Gynecare Prolift Vaginal Mesh Sold by J&J for 3yrs Without FDA Approval

According to a recent report, Johnson & Johnson sold their Gynecare Prolift mesh for several years before obtaining FDA approval, and the manufacturer now faces a number of product liability lawsuits brought by women who suffered complications allegedly caused by design defects with the vaginal surgical mesh.

Johnson & Johnson’s Ethicon unit began selling the Prolift mesh in March 2005, but it was not approved by the FDA until May 2008, three years later.

The FDA did not know that the device was on the market until 2007, when the manufacturer asked for approval for a related device, which are both used to treat pelvic organ prolapse and female stress urinary incontinence.

According to a recent report by Bloomberg News, Johnson & Johnson believed it was allowed to sell the Gynecare Prolift mesh without approval because it was substantially similar to the Gynecare Gynemesh, which was already on the market. However, the FDA has taken issue with this assertion.

Between the release date of the Prolift mesh and the FDA actually approving it for sale, there were 123 adverse event reports associated with the product, including reports of death and serious injury, according to Bloomberg. The fact that doctors and patients were reporting problems with a medical device that the FDA had not approved without raising alarm bells raises questions about the agency’s oversight over approved medical devices.

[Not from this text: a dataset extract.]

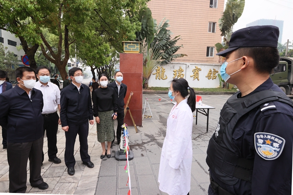 上午,王予波、雷海潮率队到龙瑞高速瑞丽东卡点督导检查,看望慰问值勤值守人员,要求严格落实管控措施,严控车辆、人员出入,严防疫情扩散;到集中隔离观察点检查隔离措施落实、生活保障、防疫消杀等情况,对一线工作人员的辛勤付出表示感谢,要求认真落实点长责任制,强化人员培训,严格防控措施,加强健康监测和医学观察,坚决阻断疫情传播链。
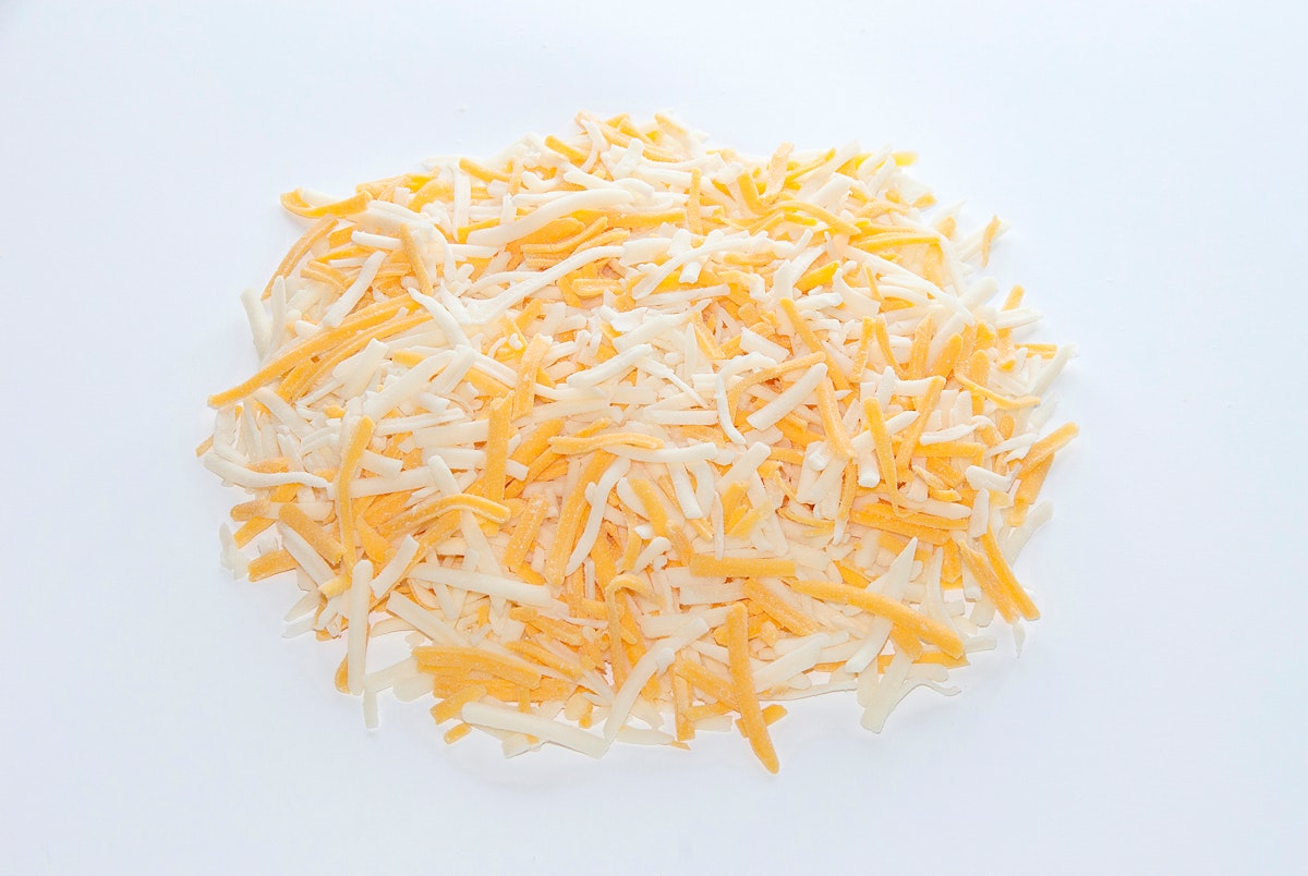 CHEDDAR CHEESE (PASTEURIZED MILK, CHEESE CULTURE, SALT, ENZYMES, COLOR ADDED), MONTEREY JACK CHEESE (PASTEURIZED MILK, CHEESE CULTURE, SALT, ENZYMES), POTATO STARCH ADDED TO PREVENT CAKING, NATAMYCIN (A NATURAL MOLD INHIBITOR). CONTAINS: MILK

The Ethicon Gynecare Prolift mesh is now one of a number of surgical mesh products manufactured by Johnson & Johnson, as well as other companies, that are the subject product liability lawsuits nationwide. Hundreds of women are presenting claims that allege they suffered painful and debilitating complications after the vaginal mesh was implanted, such as pelvic pain, infection and erosion of the mesh through the vagina.

All vaginal mesh lawsuits involve similar allegations that the manufacturers failed to adequately research and test their products, rushing the products to the market through the FDA’s controversial fast-track approval system, which allows the agency to approve medical devices without rigorous pre-market testing when they feature a substantially similar design to other previously approved products.

Johnson & Johnson reportedly failed to even obtain 510(k) approval before marketing the Gynecare Prolift mesh.

Public awareness about the risk of the vaginal mesh problems increased last year, after the FDA issued warnings about an increasing number of adverse event reports associated with the products.  In July 2011, the FDA issued transvaginal mesh warning, indicating that they have been unable to find any evidence that transvaginal mesh kits used for repair of pelvic organ prolapse provide any benefit over other available means of treatment.